● **Task to complete**
Transcribe only the lines in the data below falling between the line with "TE 产品编号1-2600030-0 4CCT" and the line with "淮安涟水外国语小学 六(8)班 鲍嫣然 指导老师 段 玲", including those two lines, and leave out any picture.

START Task inputs

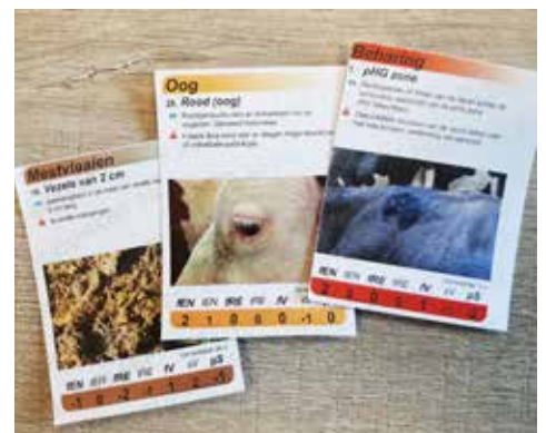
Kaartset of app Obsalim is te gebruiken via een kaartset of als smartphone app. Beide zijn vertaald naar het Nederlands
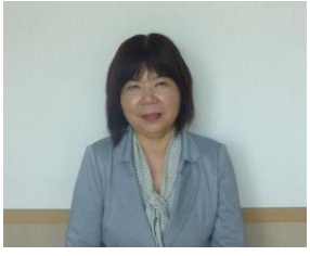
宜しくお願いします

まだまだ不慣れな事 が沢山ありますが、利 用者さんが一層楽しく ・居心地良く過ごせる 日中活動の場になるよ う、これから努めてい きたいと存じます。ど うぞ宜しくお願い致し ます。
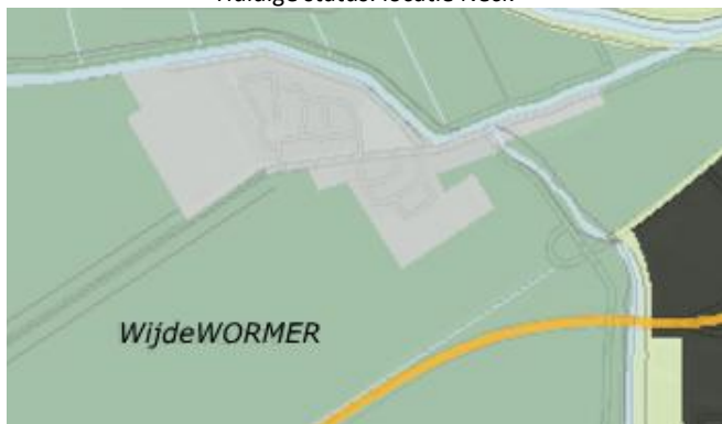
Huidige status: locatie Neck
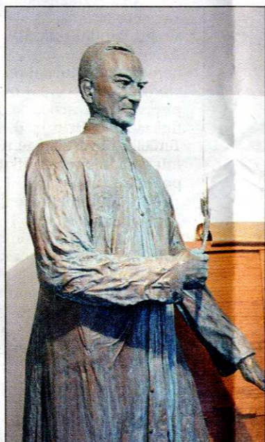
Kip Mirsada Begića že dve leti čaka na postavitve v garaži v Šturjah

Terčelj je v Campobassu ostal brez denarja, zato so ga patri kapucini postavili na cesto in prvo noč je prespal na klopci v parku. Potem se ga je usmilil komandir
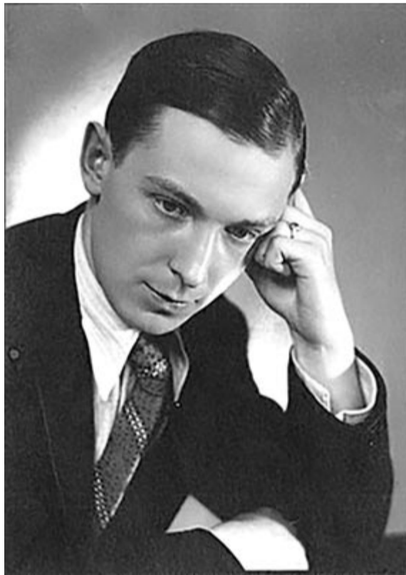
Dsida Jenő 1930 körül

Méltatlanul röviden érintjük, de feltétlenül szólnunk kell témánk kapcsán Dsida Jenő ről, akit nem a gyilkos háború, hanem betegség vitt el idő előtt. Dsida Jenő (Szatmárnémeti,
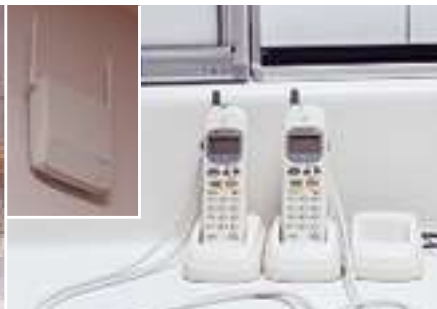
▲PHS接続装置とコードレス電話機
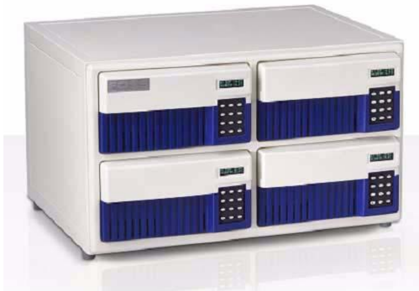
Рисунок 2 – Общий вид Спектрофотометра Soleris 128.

END Task inputs
START Task inputs

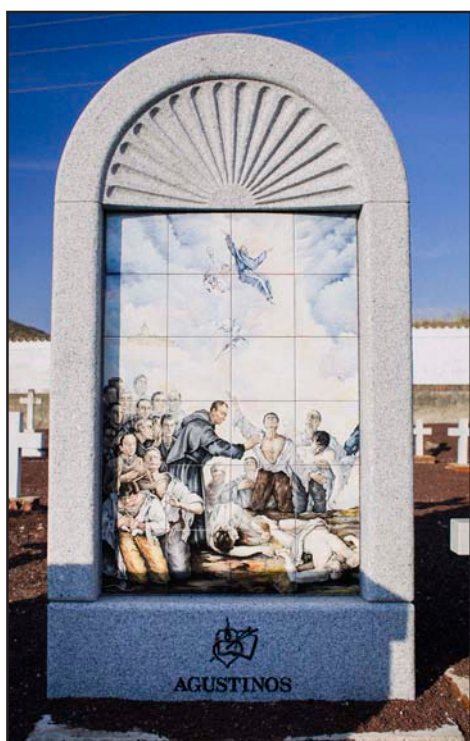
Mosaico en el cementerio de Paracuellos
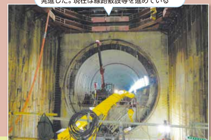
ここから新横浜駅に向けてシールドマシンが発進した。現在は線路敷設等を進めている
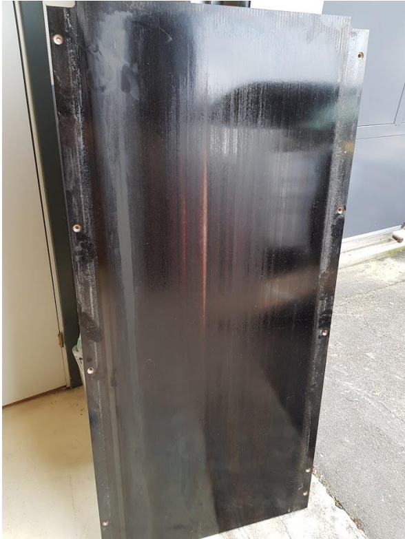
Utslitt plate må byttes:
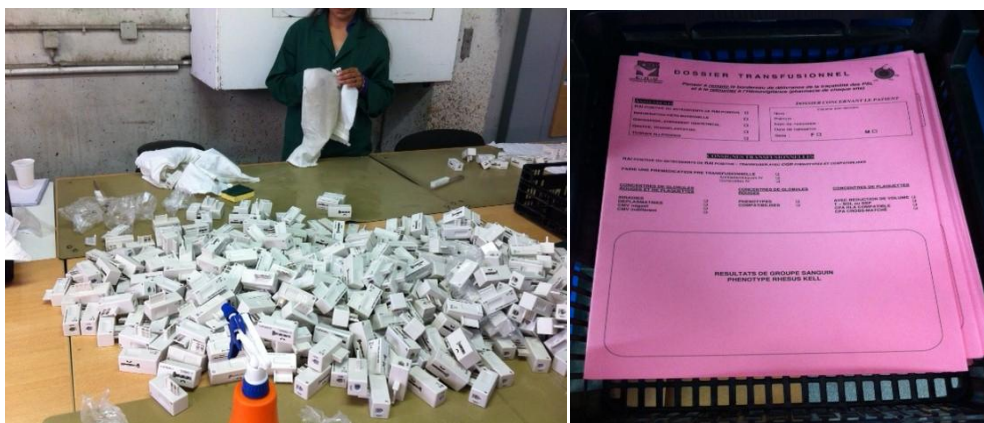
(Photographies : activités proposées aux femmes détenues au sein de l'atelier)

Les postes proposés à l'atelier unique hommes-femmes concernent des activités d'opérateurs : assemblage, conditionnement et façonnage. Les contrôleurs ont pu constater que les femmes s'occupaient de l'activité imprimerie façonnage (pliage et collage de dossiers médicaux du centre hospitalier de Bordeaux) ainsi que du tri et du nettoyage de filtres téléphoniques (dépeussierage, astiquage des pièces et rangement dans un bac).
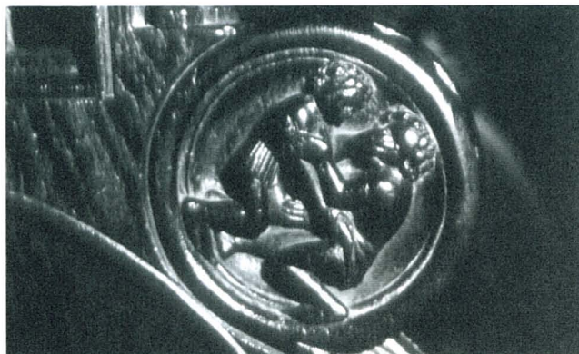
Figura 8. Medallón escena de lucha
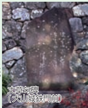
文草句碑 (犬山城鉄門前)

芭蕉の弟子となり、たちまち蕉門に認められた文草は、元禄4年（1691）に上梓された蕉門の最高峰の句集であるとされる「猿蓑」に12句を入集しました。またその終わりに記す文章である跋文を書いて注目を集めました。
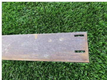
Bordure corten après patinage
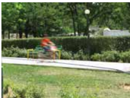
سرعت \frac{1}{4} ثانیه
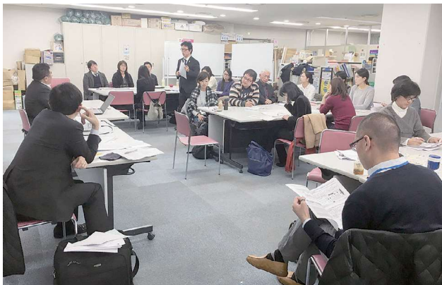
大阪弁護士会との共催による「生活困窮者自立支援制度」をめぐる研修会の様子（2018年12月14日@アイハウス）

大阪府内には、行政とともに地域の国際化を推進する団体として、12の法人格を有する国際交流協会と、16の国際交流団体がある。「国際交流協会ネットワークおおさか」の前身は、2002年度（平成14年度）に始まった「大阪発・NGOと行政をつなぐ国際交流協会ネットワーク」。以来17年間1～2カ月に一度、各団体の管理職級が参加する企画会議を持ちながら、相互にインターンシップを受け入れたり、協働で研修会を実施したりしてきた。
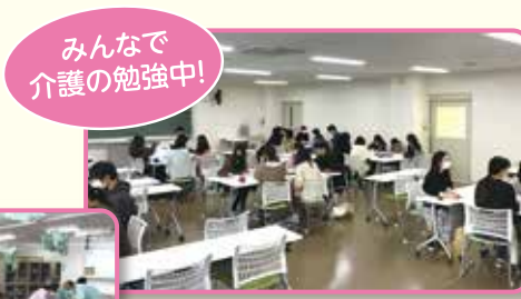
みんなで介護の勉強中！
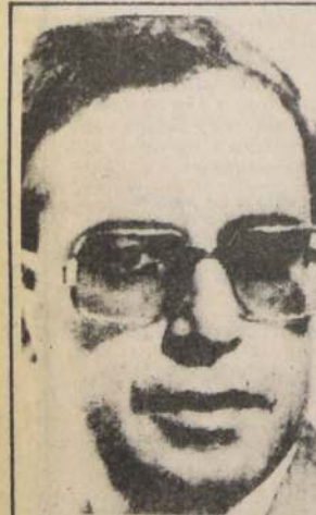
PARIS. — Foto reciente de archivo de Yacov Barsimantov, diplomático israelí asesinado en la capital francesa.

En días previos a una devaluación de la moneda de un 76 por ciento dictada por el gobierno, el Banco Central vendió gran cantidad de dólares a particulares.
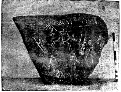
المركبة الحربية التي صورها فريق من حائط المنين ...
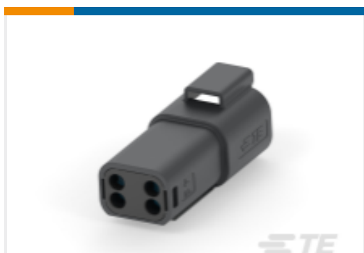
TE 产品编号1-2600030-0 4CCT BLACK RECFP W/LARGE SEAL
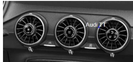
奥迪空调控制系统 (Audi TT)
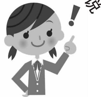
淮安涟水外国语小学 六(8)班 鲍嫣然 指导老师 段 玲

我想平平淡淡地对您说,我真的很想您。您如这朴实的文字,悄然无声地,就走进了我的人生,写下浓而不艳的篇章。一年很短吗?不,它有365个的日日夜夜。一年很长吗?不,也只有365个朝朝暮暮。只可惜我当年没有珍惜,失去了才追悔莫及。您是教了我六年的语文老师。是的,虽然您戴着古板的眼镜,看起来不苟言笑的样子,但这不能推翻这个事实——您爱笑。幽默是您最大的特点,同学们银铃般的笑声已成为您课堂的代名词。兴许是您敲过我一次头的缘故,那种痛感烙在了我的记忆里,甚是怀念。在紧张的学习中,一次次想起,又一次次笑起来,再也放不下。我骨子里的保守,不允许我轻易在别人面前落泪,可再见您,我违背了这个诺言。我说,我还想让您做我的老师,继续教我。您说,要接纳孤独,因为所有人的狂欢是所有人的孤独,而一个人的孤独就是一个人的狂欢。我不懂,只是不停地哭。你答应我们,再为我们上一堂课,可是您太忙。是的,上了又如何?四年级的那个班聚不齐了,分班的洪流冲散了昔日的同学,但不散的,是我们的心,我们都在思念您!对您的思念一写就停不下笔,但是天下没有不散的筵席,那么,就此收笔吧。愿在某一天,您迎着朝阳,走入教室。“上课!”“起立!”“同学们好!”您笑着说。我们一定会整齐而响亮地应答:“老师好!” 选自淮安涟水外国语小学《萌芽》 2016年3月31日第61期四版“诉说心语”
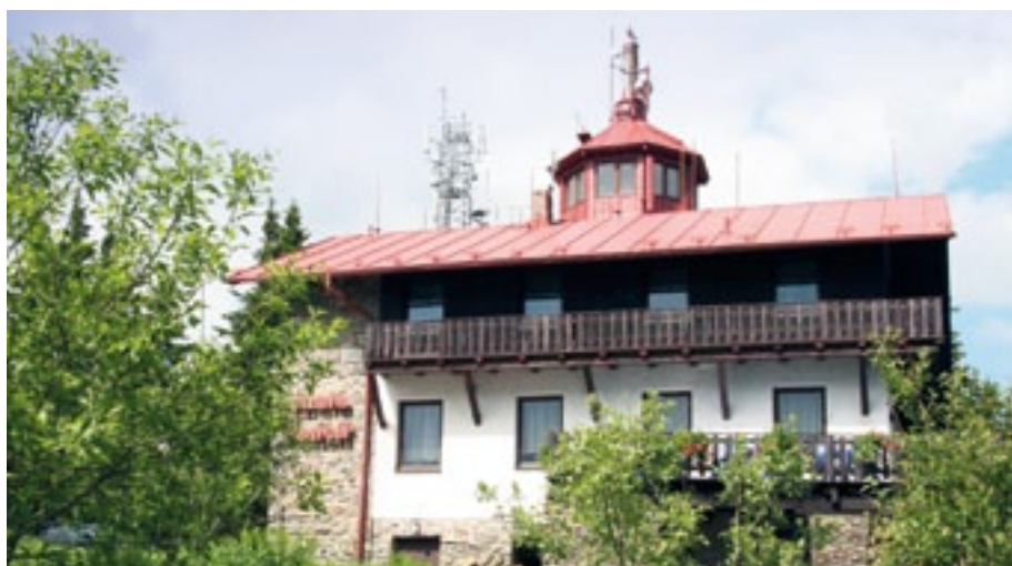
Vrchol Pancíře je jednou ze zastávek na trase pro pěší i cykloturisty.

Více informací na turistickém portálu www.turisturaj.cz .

END Task inputs

● **Output of the exercise**
TE 产品编号1-2600030-0 4CCT BLACK RECFP W/LARGE SEAL
奥迪空调控制系统 (Audi TT)
淮安涟水外国语小学 六(8)班 鲍嫣然 指导老师 段 玲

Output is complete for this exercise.